Swamit Tannu

Quantum computers can help solve some of the most complex problems in physics, chemistry, material design, optimization, and machine learning. A worldwide effort is underway to create larger, more reliable quantum computers, enhancing their ability to execute complex quantum algorithms. Despite this progress, practical quantum computing faces significant challenges, including the susceptibility of quantum bit (qubit) devices to environmental noise, producing inaccurate results. Furthermore, the limited availability of algorithms that can leverage quantum computers in the near term is a significant hurdle, as existing algorithms require millions of noise-free operations beyond the current quantum hardware capabilities. The gap between the quantum hardware necessary for solving real-world problems and today’s quantum computing technology is significant. We seek to bridge this gap by focusing on scalable and resilient quantum computer architectures through an integrated approach to hardware and software design and developing software tools to help users leverage existing and future quantum hardware.

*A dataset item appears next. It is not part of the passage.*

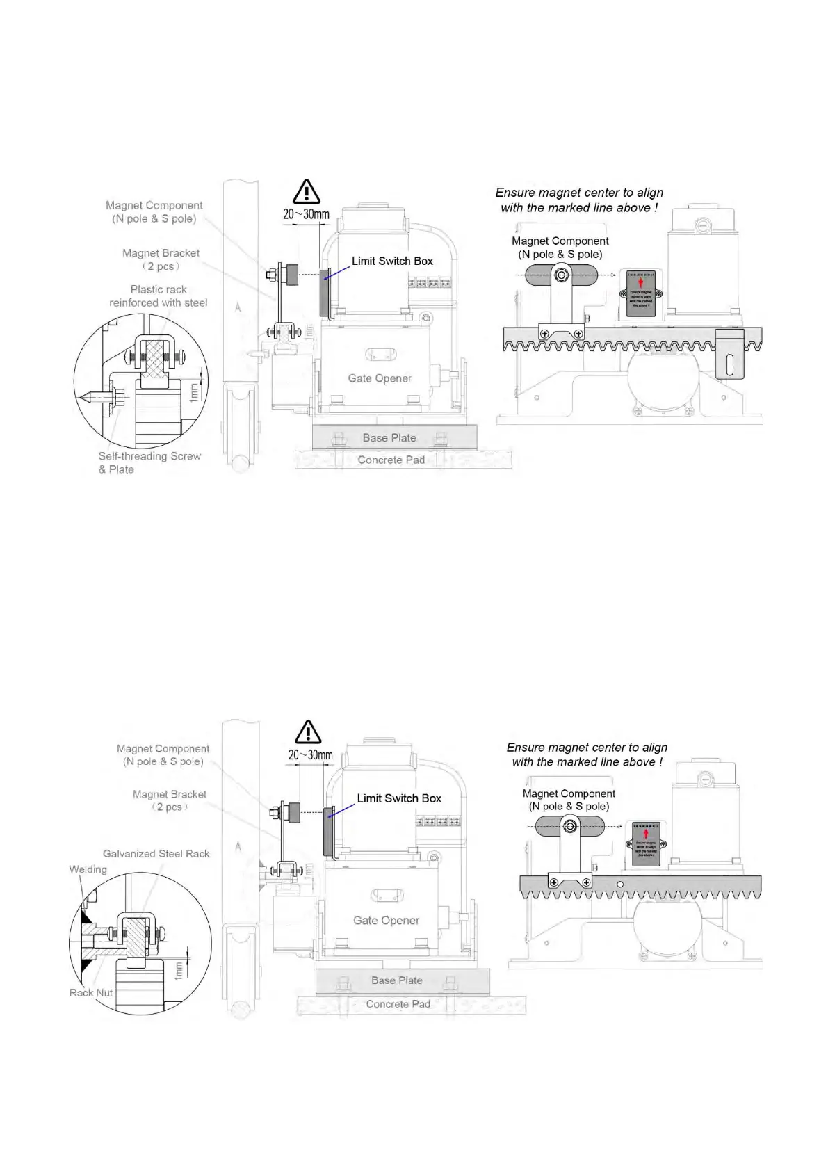 be made even after it has been fixed. Please keep 1.0mm space between the rack and the gear to avoid the

The carbon footprint of computing systems spans their entire lifecycle, including manufacturing, operation, transportation, and recycling. Notably, the widespread use of billions of hand-held devices, such as smartphones and tablets, along with essential web services, plays a significant role in global warming. Currently, the combined carbon emissions from computing and networking devices contribute about 2% to global carbon emissions—a figure projected to double in the next decade. Given the escalating production and consumption of digital data globally, it’s crucial to deeply understand and address the emissions from personal devices, data centers, and networking infrastructure within the Information and Communication Technologies (ICT) sector.